**** Source material ****

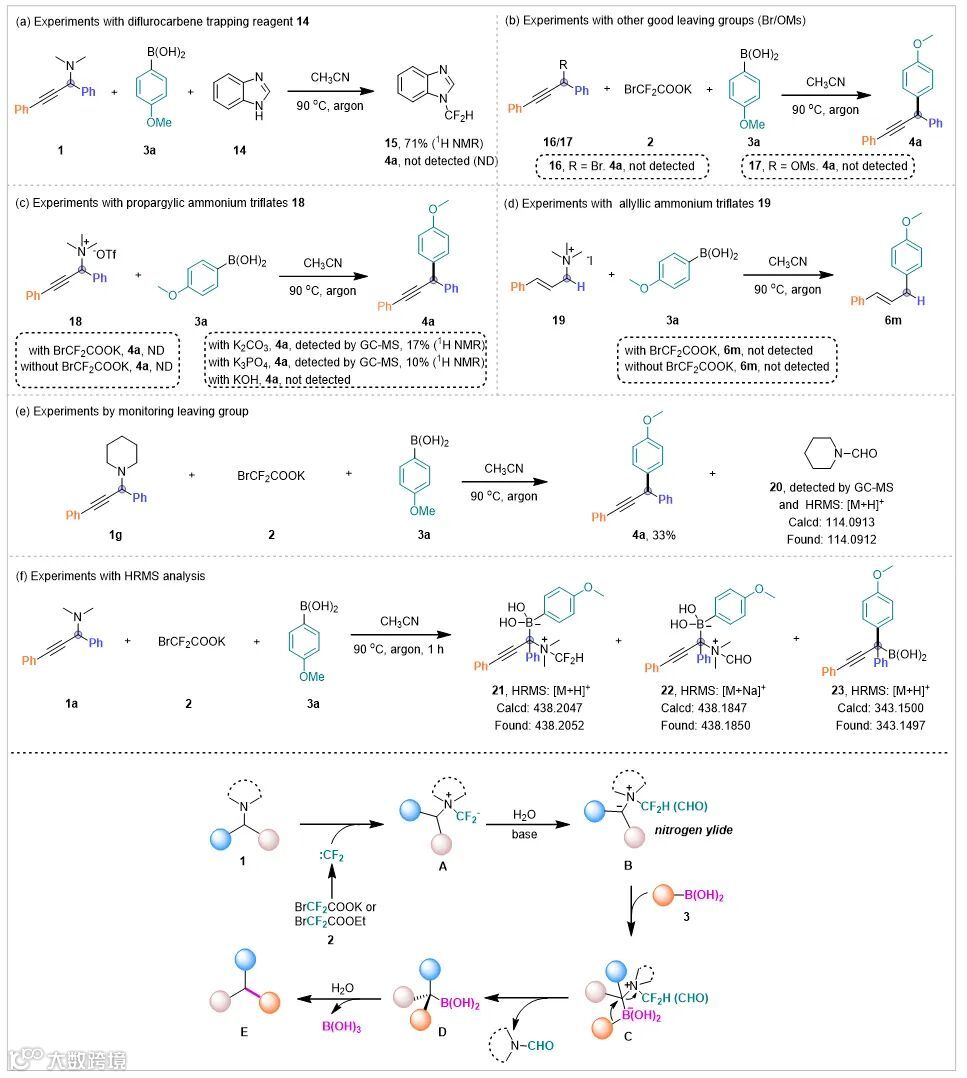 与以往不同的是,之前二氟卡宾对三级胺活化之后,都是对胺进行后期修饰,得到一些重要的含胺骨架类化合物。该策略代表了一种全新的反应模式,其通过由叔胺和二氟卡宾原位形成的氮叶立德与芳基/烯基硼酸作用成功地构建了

****
**** Source material ****

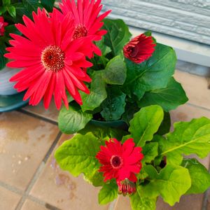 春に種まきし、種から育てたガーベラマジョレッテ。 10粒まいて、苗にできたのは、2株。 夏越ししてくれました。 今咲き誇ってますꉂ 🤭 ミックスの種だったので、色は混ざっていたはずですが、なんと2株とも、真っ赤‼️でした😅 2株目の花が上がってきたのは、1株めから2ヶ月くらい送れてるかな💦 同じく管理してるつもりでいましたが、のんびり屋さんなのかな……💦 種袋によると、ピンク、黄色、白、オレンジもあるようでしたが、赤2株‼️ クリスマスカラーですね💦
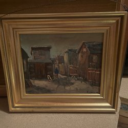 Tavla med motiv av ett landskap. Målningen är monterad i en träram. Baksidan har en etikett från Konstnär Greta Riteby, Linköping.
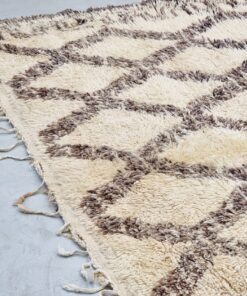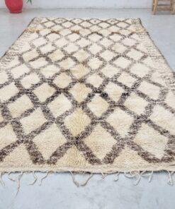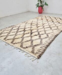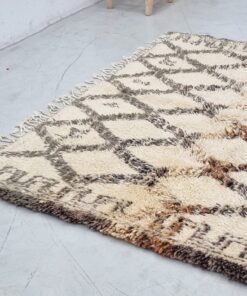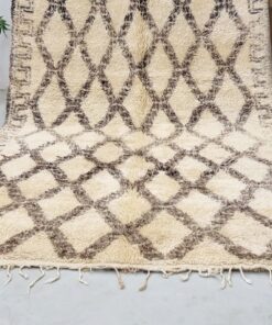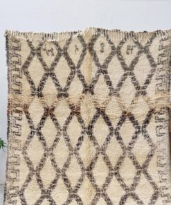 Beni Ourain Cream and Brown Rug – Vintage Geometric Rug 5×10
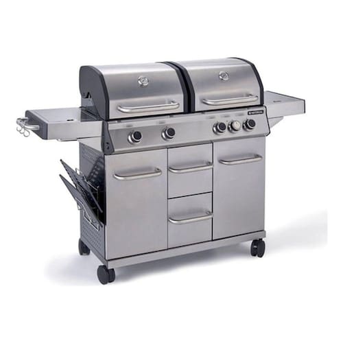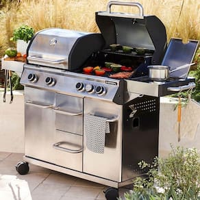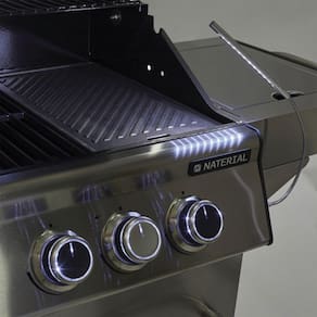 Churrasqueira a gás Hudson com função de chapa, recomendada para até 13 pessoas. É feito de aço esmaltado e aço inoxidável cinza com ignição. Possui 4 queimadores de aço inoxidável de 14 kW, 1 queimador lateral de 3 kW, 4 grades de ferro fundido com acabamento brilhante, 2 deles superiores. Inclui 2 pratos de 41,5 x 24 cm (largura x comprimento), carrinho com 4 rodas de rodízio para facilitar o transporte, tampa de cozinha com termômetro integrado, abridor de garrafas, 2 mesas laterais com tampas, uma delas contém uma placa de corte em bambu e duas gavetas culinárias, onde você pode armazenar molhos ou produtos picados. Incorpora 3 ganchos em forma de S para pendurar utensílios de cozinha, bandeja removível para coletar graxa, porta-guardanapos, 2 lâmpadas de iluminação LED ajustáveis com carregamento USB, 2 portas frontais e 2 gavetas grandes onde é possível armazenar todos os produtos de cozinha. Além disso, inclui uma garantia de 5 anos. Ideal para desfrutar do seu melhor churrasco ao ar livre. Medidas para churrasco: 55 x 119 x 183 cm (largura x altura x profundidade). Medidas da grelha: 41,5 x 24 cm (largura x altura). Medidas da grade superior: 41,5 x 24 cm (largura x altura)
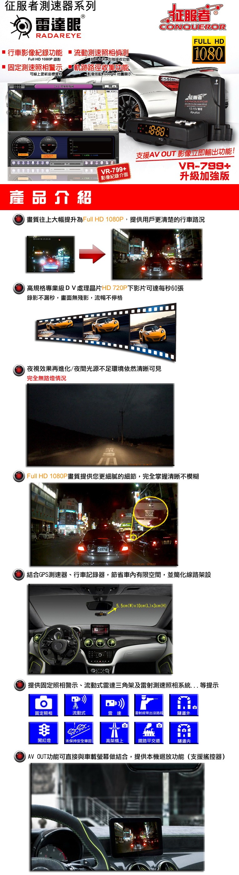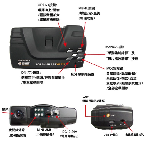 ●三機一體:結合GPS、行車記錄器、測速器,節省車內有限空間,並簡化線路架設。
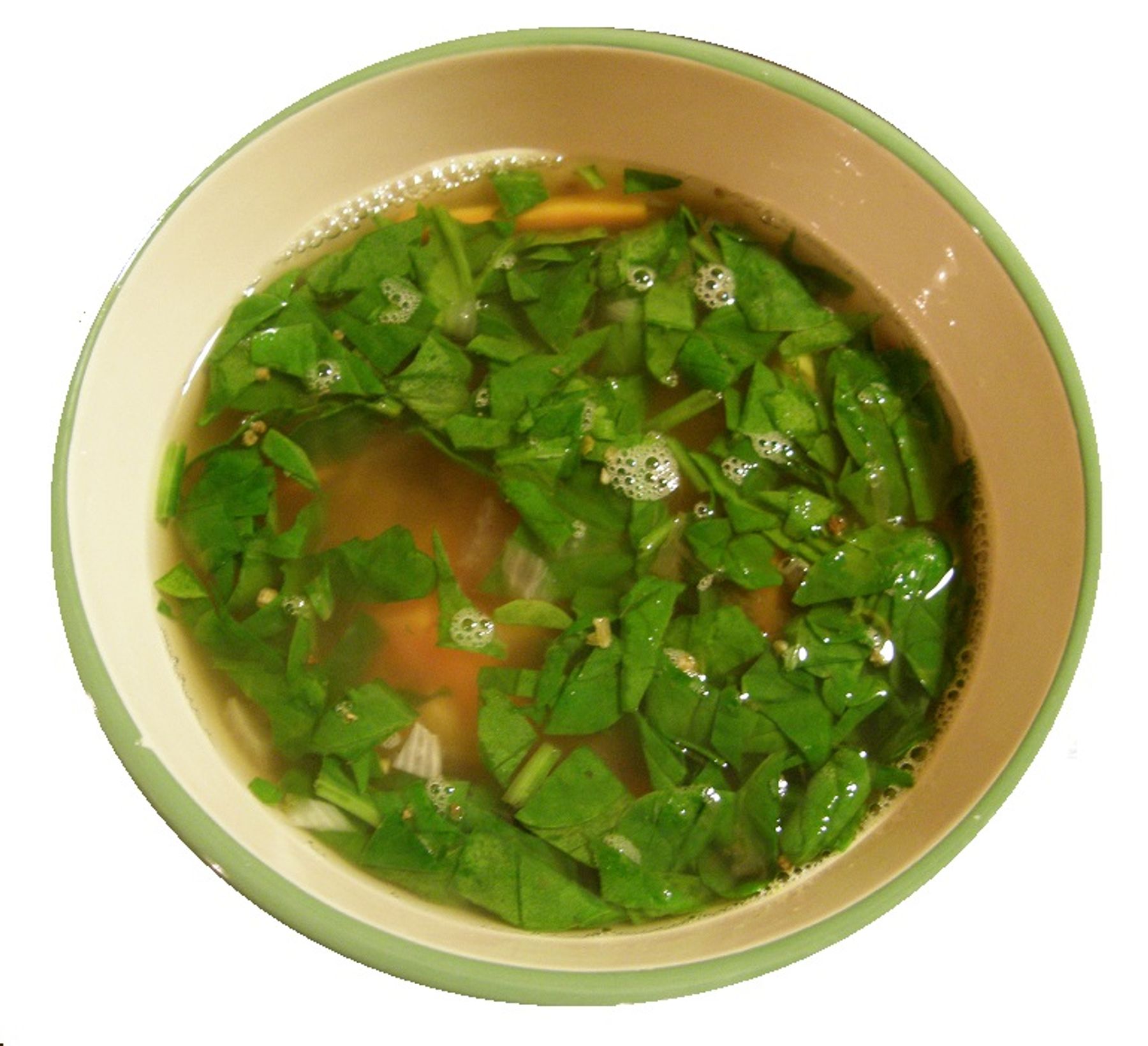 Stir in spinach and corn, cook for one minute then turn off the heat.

****
**** Source material ****

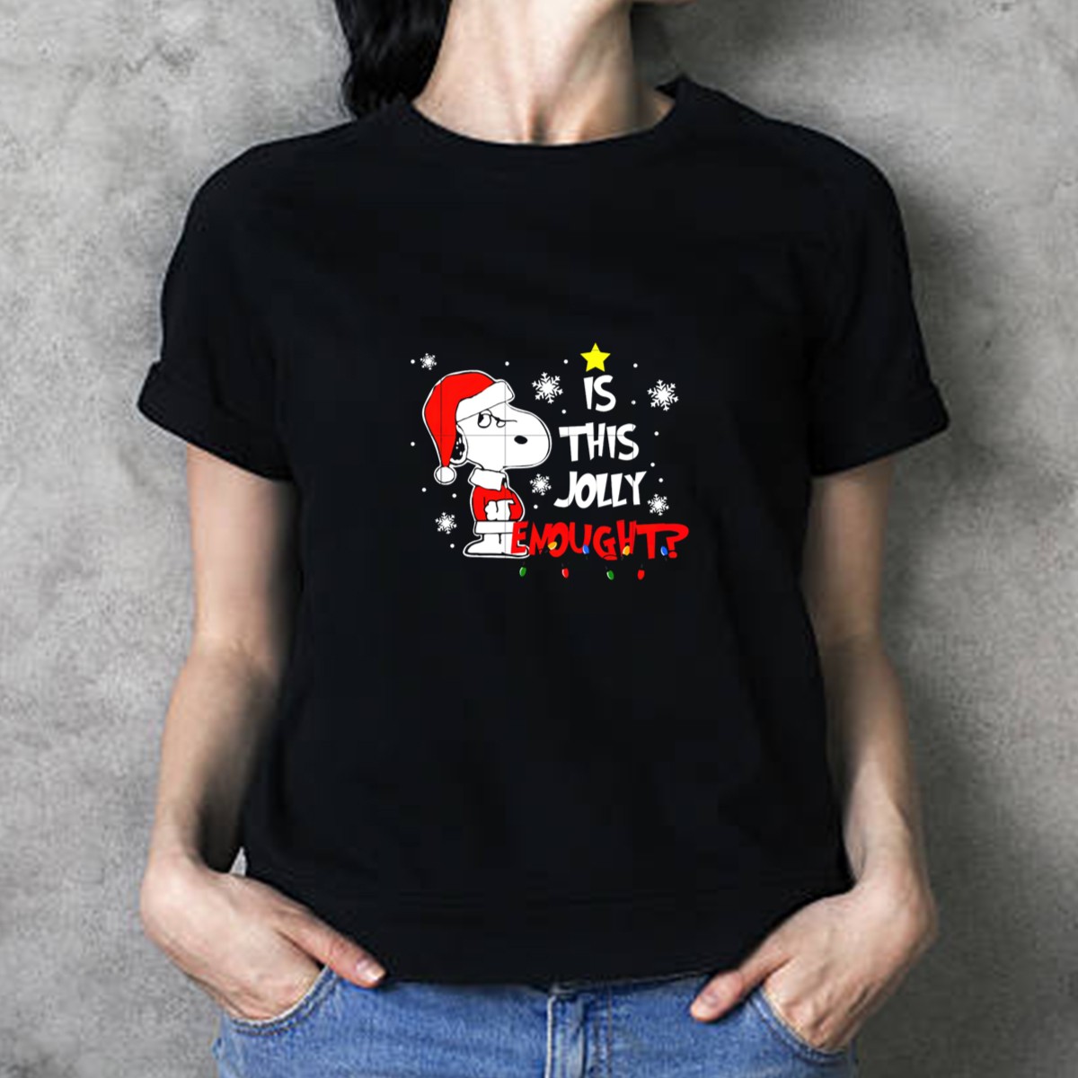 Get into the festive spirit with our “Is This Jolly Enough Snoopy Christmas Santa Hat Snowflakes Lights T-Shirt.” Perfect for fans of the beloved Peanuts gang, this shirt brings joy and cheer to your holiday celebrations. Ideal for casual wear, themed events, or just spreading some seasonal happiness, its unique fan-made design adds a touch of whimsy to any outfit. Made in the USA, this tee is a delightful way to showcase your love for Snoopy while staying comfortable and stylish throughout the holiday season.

****

■ Aim of the exercise ■
Pictures excluded, reproduce only the part above that opens with the line holding "Tavla med motiv" and closes with the line holding "Churrasqueira a gás", exactly as written.

■ Result of the task ■
 Tavla med motiv av ett landskap. Målningen är monterad i en träram. Baksidan har en etikett från Konstnär Greta Riteby, Linköping.
 Beni Ourain Cream and Brown Rug – Vintage Geometric Rug 5×10
 Churrasqueira a gás Hudson com função de chapa, recomendada para até 13 pessoas. É feito de aço esmaltado e aço inoxidável cinza com ignição. Possui 4 queimadores de aço inoxidável de 14 kW, 1 queimador lateral de 3 kW, 4 grades de ferro fundido com acabamento brilhante, 2 deles superiores. Inclui 2 pratos de 41,5 x 24 cm (largura x comprimento), carrinho com 4 rodas de rodízio para facilitar o transporte, tampa de cozinha com termômetro integrado, abridor de garrafas, 2 mesas laterais com tampas, uma delas contém uma placa de corte em bambu e duas gavetas culinárias, onde você pode armazenar molhos ou produtos picados. Incorpora 3 ganchos em forma de S para pendurar utensílios de cozinha, bandeja removível para coletar graxa, porta-guardanapos, 2 lâmpadas de iluminação LED ajustáveis com carregamento USB, 2 portas frontais e 2 gavetas grandes onde é possível armazenar todos os produtos de cozinha. Além disso, inclui uma garantia de 5 anos. Ideal para desfrutar do seu melhor churrasco ao ar livre. Medidas para churrasco: 55 x 119 x 183 cm (largura x altura x profundidade). Medidas da grelha: 41,5 x 24 cm (largura x altura). Medidas da grade superior: 41,5 x 24 cm (largura x altura)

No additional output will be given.